She’s danced with Disney, taught with the Rockettes, and high-kicked her way down Fifth Avenue in the Macy’s Christmas Day parade. Now April Jubeck is here in Haymarket helping the next generation of dancers fulfill their dreams.
Jubeck’s passion for dance began with her grandmother, affectionately known as Miss Pauline to the hundreds of students she’s taught for more than 50 years at the Pauline Baker Rodgers School of Dance in Altoona, Pennsylvania.
“She is a role model and a bright light,” says Jubeck, “and she can make you happy just by talking to her.”
After spending her teen years teaching dance alongside her grandmother, Jubeck made a bold decision to pursue her dream of dancing at Disney World. Determined to succeed, she made plans to move there no matter how many times she had to audition. But she shouldn’t have worried. She was quickly offered a position in the entertainment department. “It was truly a magical experience,” she says, “something that was natural for me and my love of dancing.” It felt so right that Jubeck worked at Disney seasonally for five years.

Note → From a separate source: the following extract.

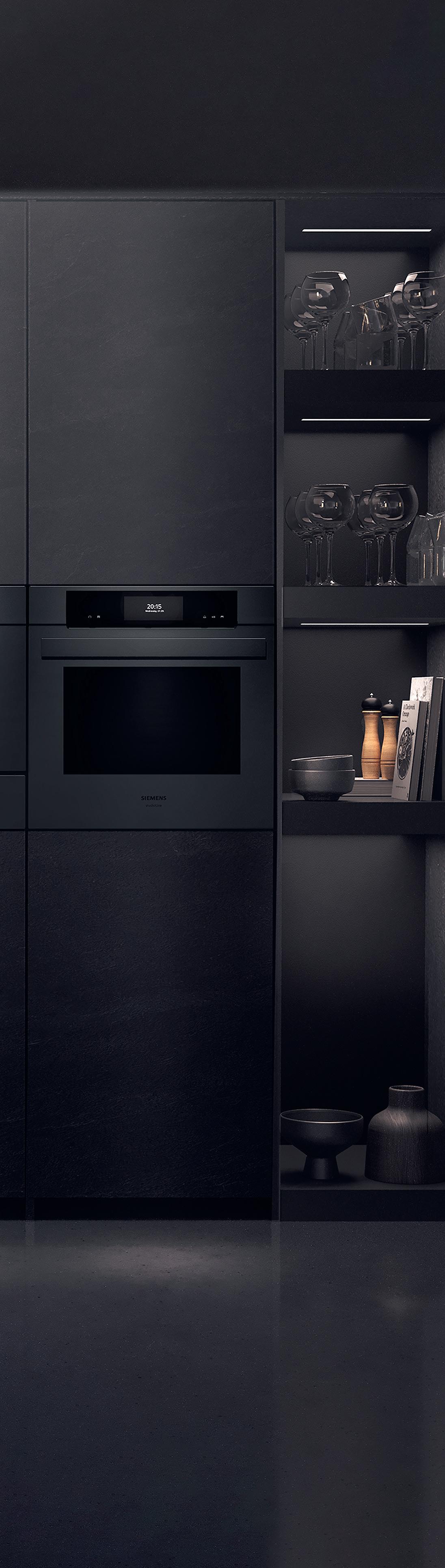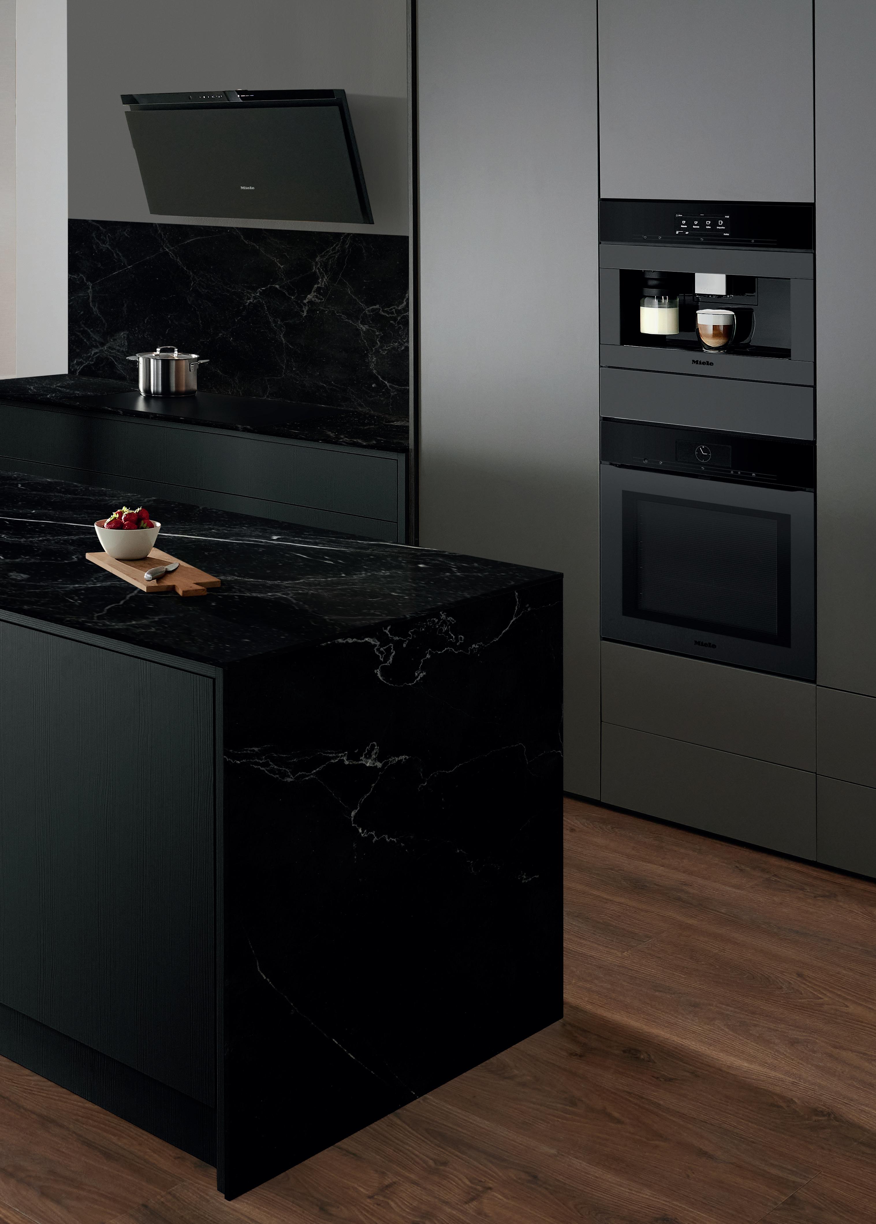 Le contraste entre stries verticales sombres et bordures noires donne à la cuisine une allure intemporelle. La fusion harmonieuse de ces stries verticales et des joints verticaux fait ressortir chaque élément comme un meuble à part entière.

But the dancer in her craved more. While spending her summers at Disney, Jubeck moved to New York City to pursue another dream – dancing with the Rockettes. She secured an internship at the world-renowned Broadway Dance Center and was selected to assist the Rockettes in teaching classes at Radio City Music Hall.

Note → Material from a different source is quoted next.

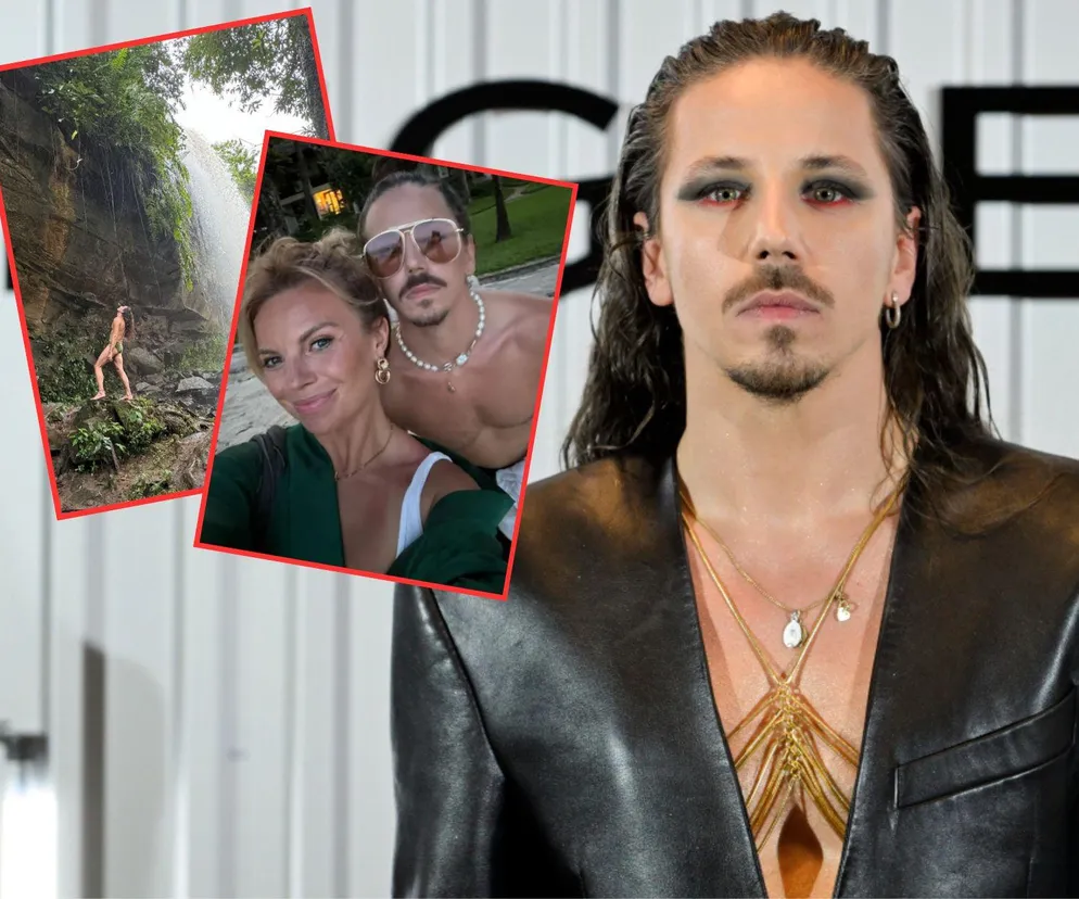 Michał Szpak niczym Tarzan pręży się przy wodospadzie

Jubeck then auditioned for Universal’s holiday season. Competing against hundreds of other dancers, she stood out and landed a spot as a high-kick dancer in the Macy’s Christmas Day parade. This was the part that she’d always pictured herself in, her dream role, and she did it.
After her exciting, whirlwind travels, Jubeck returned home to pursue a degree in elementary education and get married. Shortly thereafter, she followed her husband’s dream, ending up in Northern Virginia with her little family of 1-year-old tiny dancer Caralyn and a boy on the way.
About a year and a half into her new life, Jubeck decided to pursue another dream – to bring her wonderful childhood experiences to aspiring dancers in our community. She knew if she could teach one class, she would be able to grow the business. Her first three classes filled up quickly and in just nine months over 100 dancers have become part of the Lyrique Dance family.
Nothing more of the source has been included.